YOUR TASK
Retype all of the listing exactly, with no pictures.

(RECORDS PROVIDED begins)

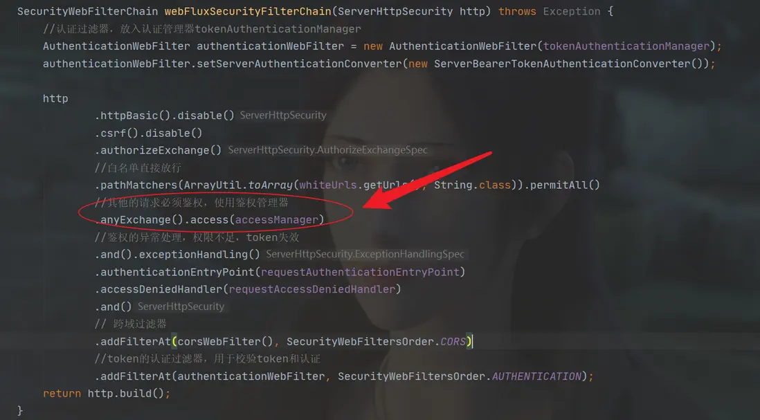 這個鑑權管理器在網關鑑權的文章中也有介紹,在陳某的《Spring Cloud Alibaba 實戰》中配置攔截也很簡單,如下:
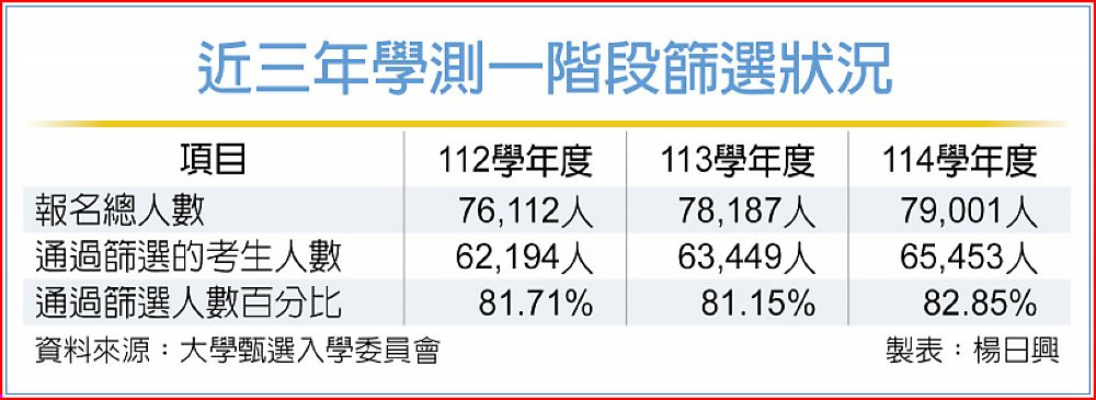 大學學測第一階段篩選結果日期公布,今年有79,001人報名、有65,453人通過,通過率達到82.85%、按年大增1.7個百分點,人數與通過率雙雙創下近三年新高,通過率也是歷年次高。
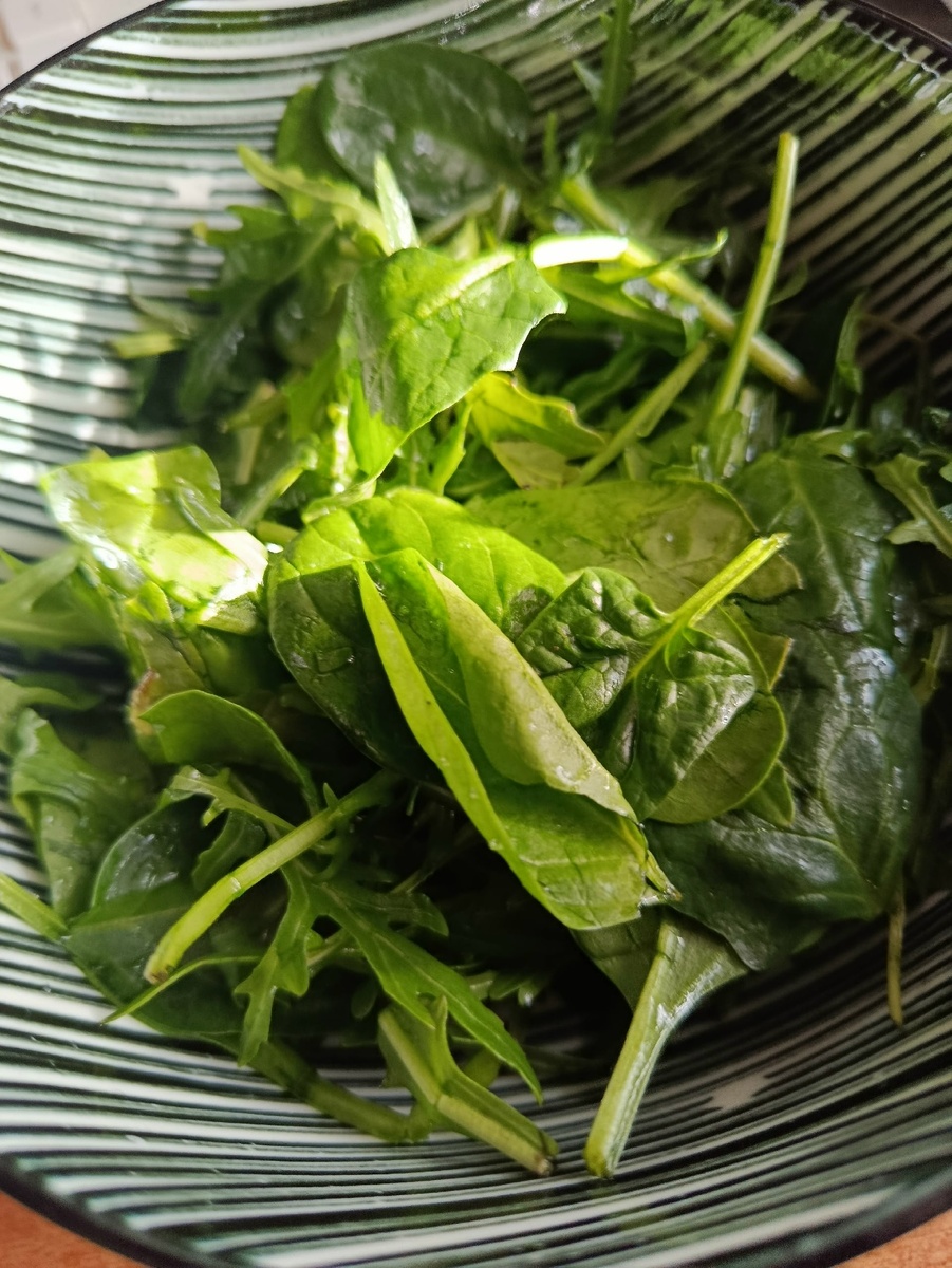 Решила я зайти в магнит, а там шпинат и руккола такие красивые и свежие, да и цена нормальная. Вот уж не думала ни, гадала. Купила и то и другое, дома кипятком обдала и с овощами очень вкусно получилось да ещё и с рыбкой запечённой.
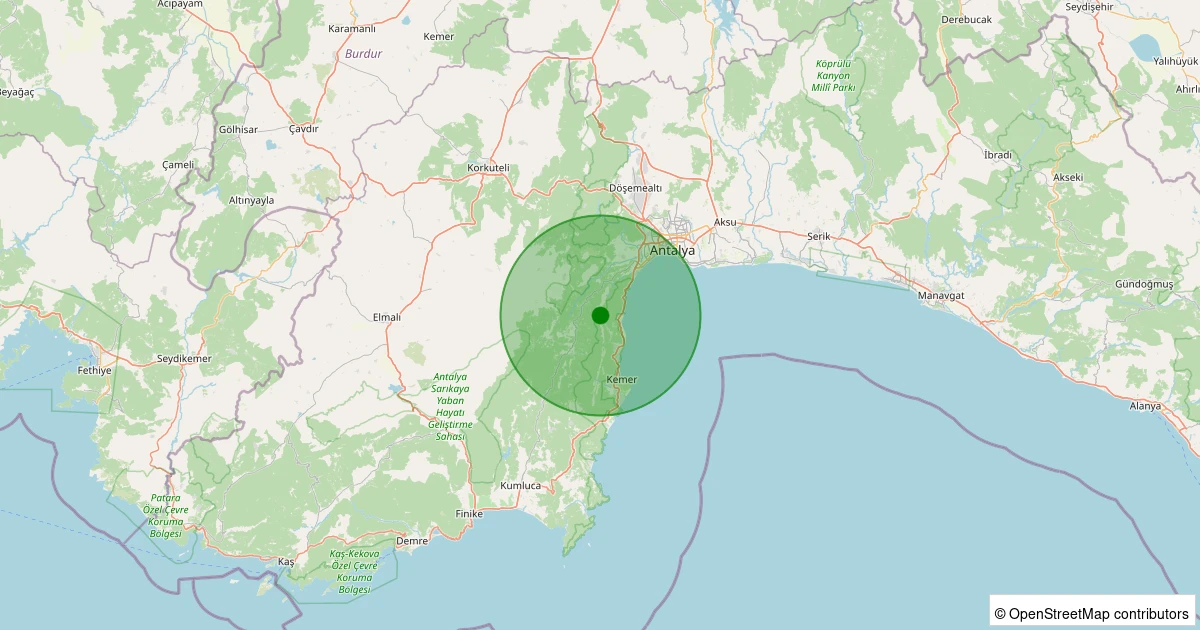 Son bir hafta içerisinde Antalya şehri Kemer - Beldibi noktasından 100 km yarıçap içerisinde toplamda 19 deprem kaydedilmiştir. Bu depremlerden en büyüğü 2.9 büyüklüğünde ve en sığ odaklısı 5.00 kilometre derinlikte gerçekleşmiştir.
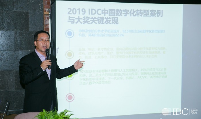 IDC中国副总裁兼首席分析师武连峰先生在会上表示: “2019 IDC中国数字化转型大奖申报案例的总体水平明显提升,52.5%的企业在数字化转型的第3阶段,第4阶段的企业达到22.2%。从行业角度看,金融、电信、新零售企业、面向品牌的制造业数字化转型较为成熟,政府、建筑与地产、医疗、服务行业数字化转型正在加速推进,教育、能源、公共事业、其它类型造业未来将有巨大成长空间。从技术角度看,70%的获奖项目都和大数据与人工智能相关,49%的项目与云计算相关,这三类技术的组合应用已经走向纵深。物联网正在加速向数字化转型项目渗透,下一代安全、机器人、AR/VR、5G等也开始逐步进入数字化转型项目。从转型领域角度看,领导力转型(未来文化)、信息与数据转型(未来智能)、全方位体验转型(未来客户)明显加速,人力资源转型(未来工作)、运营模式转型(未来运营)与全球比仍有一定差距。”
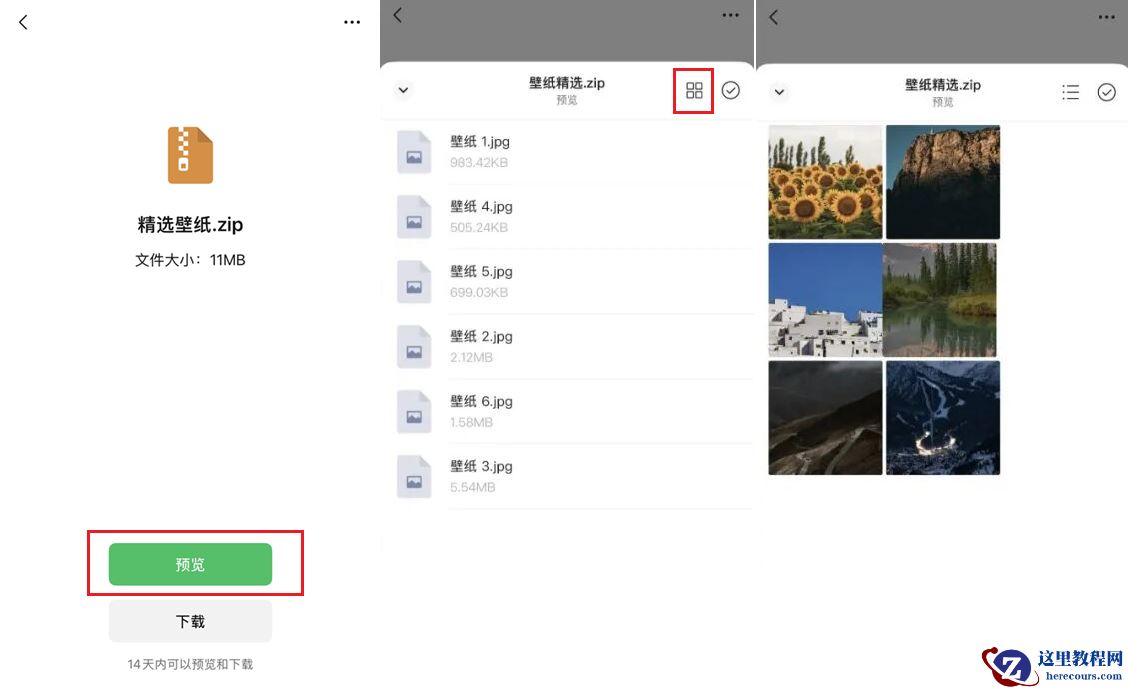 拥有灰度测试资格的用户现在再点击聊天界面中的压缩文件后,会发现底部新增了“预览”按钮,点击即可查看压缩包内文件列表,支持以列表或缩略图形式浏览,并可选择单个或多个文件进行转发、收藏或下载,无需下载整个压缩包。
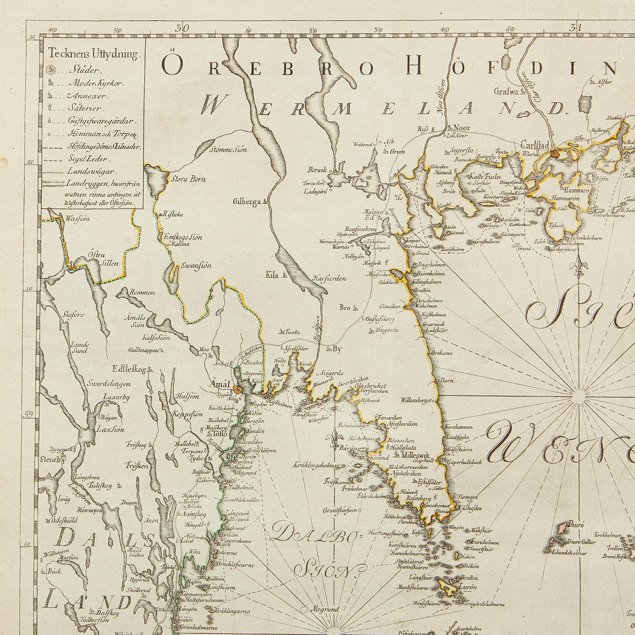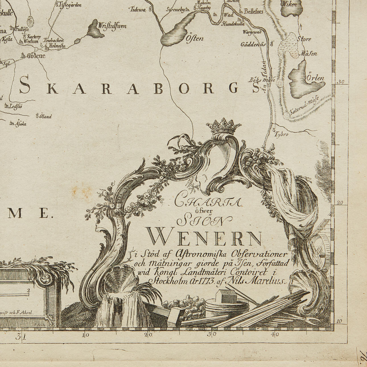 MARELIUS, NILS. Charta öfwer sjön Wenern i stöd af astronomiska observationer och mätningar giorde på isen (..) Kong. Landtmäteri Contoiret, 1773.
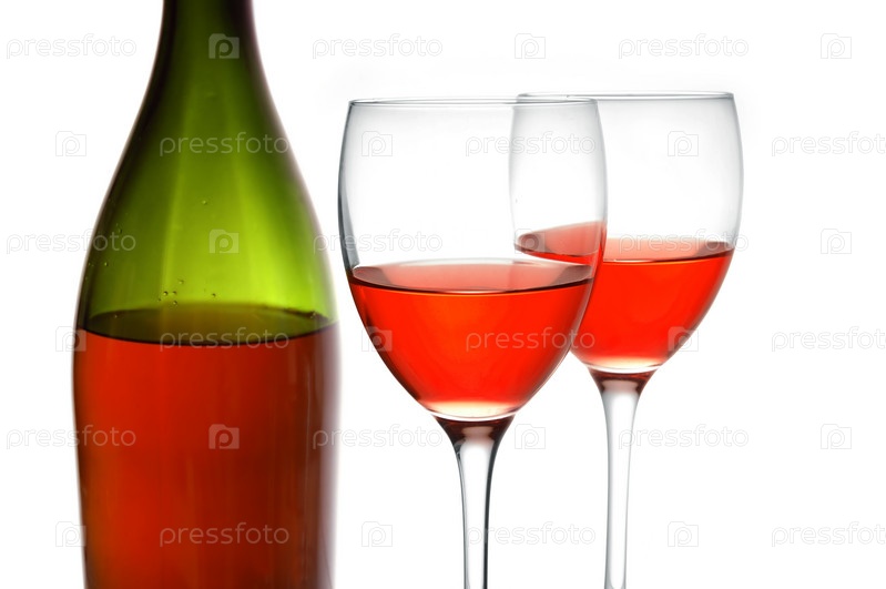 Бутылка красного вина и бокалы на белом фоне

(RECORDS PROVIDED ends)

ANSWER AREA
 這個鑑權管理器在網關鑑權的文章中也有介紹,在陳某的《Spring Cloud Alibaba 實戰》中配置攔截也很簡單,如下:
 大學學測第一階段篩選結果日期公布,今年有79,001人報名、有65,453人通過,通過率達到82.85%、按年大增1.7個百分點,人數與通過率雙雙創下近三年新高,通過率也是歷年次高。
 Решила я зайти в магнит, а там шпинат и руккола такие красивые и свежие, да и цена нормальная. Вот уж не думала ни, гадала. Купила и то и другое, дома кипятком обдала и с овощами очень вкусно получилось да ещё и с рыбкой запечённой.
 Son bir hafta içerisinde Antalya şehri Kemer - Beldibi noktasından 100 km yarıçap içerisinde toplamda 19 deprem kaydedilmiştir. Bu depremlerden en büyüğü 2.9 büyüklüğünde ve en sığ odaklısı 5.00 kilometre derinlikte gerçekleşmiştir.
 IDC中国副总裁兼首席分析师武连峰先生在会上表示: “2019 IDC中国数字化转型大奖申报案例的总体水平明显提升,52.5%的企业在数字化转型的第3阶段,第4阶段的企业达到22.2%。从行业角度看,金融、电信、新零售企业、面向品牌的制造业数字化转型较为成熟,政府、建筑与地产、医疗、服务行业数字化转型正在加速推进,教育、能源、公共事业、其它类型造业未来将有巨大成长空间。从技术角度看,70%的获奖项目都和大数据与人工智能相关,49%的项目与云计算相关,这三类技术的组合应用已经走向纵深。物联网正在加速向数字化转型项目渗透,下一代安全、机器人、AR/VR、5G等也开始逐步进入数字化转型项目。从转型领域角度看,领导力转型(未来文化)、信息与数据转型(未来智能)、全方位体验转型(未来客户)明显加速,人力资源转型(未来工作)、运营模式转型(未来运营)与全球比仍有一定差距。”
 拥有灰度测试资格的用户现在再点击聊天界面中的压缩文件后,会发现底部新增了“预览”按钮,点击即可查看压缩包内文件列表,支持以列表或缩略图形式浏览,并可选择单个或多个文件进行转发、收藏或下载,无需下载整个压缩包。
 MARELIUS, NILS. Charta öfwer sjön Wenern i stöd af astronomiska observationer och mätningar giorde på isen (..) Kong. Landtmäteri Contoiret, 1773.
 Бутылка красного вина и бокалы на белом фоне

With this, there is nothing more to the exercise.